■ Exercise ■
Take the data below and extract the lines from the one with "Bestselling Lounge marries" to the one with "5月26日,音乐学院召开20", inclusive, exactly as written.

[Items from a data source]
· · · · · · ·

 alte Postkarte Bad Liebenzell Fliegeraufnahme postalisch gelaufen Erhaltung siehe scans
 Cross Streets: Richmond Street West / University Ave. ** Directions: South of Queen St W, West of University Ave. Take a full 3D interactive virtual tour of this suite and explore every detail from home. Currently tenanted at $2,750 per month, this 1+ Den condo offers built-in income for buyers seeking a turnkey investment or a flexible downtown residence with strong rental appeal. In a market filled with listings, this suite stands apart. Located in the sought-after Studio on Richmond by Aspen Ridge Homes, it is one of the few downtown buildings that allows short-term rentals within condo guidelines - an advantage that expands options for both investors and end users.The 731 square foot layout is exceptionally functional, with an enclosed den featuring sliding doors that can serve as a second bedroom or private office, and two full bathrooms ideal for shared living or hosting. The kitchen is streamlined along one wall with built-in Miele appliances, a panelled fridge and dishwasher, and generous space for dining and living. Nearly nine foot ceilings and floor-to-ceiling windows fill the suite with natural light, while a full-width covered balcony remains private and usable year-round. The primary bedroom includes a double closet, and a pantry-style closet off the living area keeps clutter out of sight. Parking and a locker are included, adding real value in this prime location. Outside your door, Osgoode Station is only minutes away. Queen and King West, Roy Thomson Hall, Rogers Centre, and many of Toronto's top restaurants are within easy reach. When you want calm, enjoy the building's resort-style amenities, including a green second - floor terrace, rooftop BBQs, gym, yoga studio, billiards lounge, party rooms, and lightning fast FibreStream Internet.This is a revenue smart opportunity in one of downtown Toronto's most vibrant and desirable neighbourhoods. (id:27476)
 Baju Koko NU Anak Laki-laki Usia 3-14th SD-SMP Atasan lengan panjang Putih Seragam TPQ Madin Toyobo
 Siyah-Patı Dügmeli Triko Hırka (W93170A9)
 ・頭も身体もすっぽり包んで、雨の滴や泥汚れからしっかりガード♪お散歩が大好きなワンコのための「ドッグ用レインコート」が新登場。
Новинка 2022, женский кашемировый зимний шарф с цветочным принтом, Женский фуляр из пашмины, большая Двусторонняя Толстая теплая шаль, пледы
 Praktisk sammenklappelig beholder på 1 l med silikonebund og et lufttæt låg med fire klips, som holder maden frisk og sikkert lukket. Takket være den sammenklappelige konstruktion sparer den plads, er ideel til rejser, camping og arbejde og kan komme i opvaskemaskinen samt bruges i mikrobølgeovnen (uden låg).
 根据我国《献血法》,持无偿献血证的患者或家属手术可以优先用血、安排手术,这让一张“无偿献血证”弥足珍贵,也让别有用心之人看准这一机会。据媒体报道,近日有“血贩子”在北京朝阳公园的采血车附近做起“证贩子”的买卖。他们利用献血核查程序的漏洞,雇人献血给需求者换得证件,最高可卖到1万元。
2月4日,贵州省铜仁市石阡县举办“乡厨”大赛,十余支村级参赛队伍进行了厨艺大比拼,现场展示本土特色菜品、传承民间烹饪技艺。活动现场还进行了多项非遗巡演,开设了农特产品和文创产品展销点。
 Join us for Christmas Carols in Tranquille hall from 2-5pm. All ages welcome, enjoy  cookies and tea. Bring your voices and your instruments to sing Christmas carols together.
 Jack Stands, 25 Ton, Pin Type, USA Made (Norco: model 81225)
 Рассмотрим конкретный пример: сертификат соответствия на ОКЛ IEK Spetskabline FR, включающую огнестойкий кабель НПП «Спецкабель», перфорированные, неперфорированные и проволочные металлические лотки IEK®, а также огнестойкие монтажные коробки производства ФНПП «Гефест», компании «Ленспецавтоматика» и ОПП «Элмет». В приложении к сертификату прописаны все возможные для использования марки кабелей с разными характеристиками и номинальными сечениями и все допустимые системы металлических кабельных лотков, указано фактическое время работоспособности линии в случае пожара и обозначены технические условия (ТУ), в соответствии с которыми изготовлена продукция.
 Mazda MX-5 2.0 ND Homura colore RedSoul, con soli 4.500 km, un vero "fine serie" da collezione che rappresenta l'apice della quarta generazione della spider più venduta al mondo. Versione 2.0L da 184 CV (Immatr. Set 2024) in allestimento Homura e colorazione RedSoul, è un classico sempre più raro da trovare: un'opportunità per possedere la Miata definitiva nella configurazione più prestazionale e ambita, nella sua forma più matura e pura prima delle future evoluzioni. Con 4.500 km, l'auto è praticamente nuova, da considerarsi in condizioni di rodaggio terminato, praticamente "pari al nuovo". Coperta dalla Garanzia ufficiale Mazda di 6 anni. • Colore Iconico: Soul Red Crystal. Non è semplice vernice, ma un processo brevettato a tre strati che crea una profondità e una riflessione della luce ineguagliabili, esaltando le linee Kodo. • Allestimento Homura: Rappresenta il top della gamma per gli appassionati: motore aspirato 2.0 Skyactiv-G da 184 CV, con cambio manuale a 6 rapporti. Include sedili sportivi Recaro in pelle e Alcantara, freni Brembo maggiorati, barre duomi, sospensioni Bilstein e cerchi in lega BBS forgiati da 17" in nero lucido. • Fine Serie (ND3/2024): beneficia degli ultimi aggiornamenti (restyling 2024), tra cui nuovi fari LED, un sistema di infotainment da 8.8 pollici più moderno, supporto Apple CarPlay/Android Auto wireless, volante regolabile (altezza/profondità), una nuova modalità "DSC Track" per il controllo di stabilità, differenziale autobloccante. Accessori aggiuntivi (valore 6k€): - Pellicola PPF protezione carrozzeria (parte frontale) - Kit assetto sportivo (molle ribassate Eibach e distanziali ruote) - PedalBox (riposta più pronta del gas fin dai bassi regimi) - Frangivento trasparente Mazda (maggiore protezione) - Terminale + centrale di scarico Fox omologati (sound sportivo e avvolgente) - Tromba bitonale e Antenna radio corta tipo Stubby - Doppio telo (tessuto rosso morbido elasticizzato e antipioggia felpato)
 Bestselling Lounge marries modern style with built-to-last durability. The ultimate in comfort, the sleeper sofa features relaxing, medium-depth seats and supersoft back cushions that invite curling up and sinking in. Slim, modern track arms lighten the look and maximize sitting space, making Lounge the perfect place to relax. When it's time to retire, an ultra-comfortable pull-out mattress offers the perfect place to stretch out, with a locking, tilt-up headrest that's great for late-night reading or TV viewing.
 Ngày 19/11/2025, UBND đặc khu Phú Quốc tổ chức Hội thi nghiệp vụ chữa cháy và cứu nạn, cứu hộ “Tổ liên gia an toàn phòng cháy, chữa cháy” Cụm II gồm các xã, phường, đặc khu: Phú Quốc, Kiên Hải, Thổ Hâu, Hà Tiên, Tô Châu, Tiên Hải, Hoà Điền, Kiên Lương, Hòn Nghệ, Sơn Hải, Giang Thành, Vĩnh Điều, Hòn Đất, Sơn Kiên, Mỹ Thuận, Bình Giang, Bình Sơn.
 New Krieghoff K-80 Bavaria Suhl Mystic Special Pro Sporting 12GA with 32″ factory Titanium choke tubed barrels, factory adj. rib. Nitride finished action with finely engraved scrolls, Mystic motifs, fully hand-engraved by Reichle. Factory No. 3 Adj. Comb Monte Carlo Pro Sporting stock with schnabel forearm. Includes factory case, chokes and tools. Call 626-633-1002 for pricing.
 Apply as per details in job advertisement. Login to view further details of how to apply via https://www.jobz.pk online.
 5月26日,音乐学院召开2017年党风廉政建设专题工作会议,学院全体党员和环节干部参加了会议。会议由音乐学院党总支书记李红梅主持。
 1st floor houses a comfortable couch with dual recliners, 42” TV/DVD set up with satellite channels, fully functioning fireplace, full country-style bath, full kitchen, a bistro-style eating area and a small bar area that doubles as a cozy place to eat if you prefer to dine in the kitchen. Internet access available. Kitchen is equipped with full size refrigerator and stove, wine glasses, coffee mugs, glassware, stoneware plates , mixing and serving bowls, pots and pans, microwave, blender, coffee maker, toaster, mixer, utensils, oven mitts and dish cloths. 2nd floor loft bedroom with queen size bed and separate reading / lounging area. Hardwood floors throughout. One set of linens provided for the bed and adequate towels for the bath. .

· · · · · · ·

■ Response for this exercise ■
 Bestselling Lounge marries modern style with built-to-last durability. The ultimate in comfort, the sleeper sofa features relaxing, medium-depth seats and supersoft back cushions that invite curling up and sinking in. Slim, modern track arms lighten the look and maximize sitting space, making Lounge the perfect place to relax. When it's time to retire, an ultra-comfortable pull-out mattress offers the perfect place to stretch out, with a locking, tilt-up headrest that's great for late-night reading or TV viewing.
 Ngày 19/11/2025, UBND đặc khu Phú Quốc tổ chức Hội thi nghiệp vụ chữa cháy và cứu nạn, cứu hộ “Tổ liên gia an toàn phòng cháy, chữa cháy” Cụm II gồm các xã, phường, đặc khu: Phú Quốc, Kiên Hải, Thổ Hâu, Hà Tiên, Tô Châu, Tiên Hải, Hoà Điền, Kiên Lương, Hòn Nghệ, Sơn Hải, Giang Thành, Vĩnh Điều, Hòn Đất, Sơn Kiên, Mỹ Thuận, Bình Giang, Bình Sơn.
 New Krieghoff K-80 Bavaria Suhl Mystic Special Pro Sporting 12GA with 32″ factory Titanium choke tubed barrels, factory adj. rib. Nitride finished action with finely engraved scrolls, Mystic motifs, fully hand-engraved by Reichle. Factory No. 3 Adj. Comb Monte Carlo Pro Sporting stock with schnabel forearm. Includes factory case, chokes and tools. Call 626-633-1002 for pricing.
 Apply as per details in job advertisement. Login to view further details of how to apply via https://www.jobz.pk online.
 5月26日,音乐学院召开2017年党风廉政建设专题工作会议,学院全体党员和环节干部参加了会议。会议由音乐学院党总支书记李红梅主持。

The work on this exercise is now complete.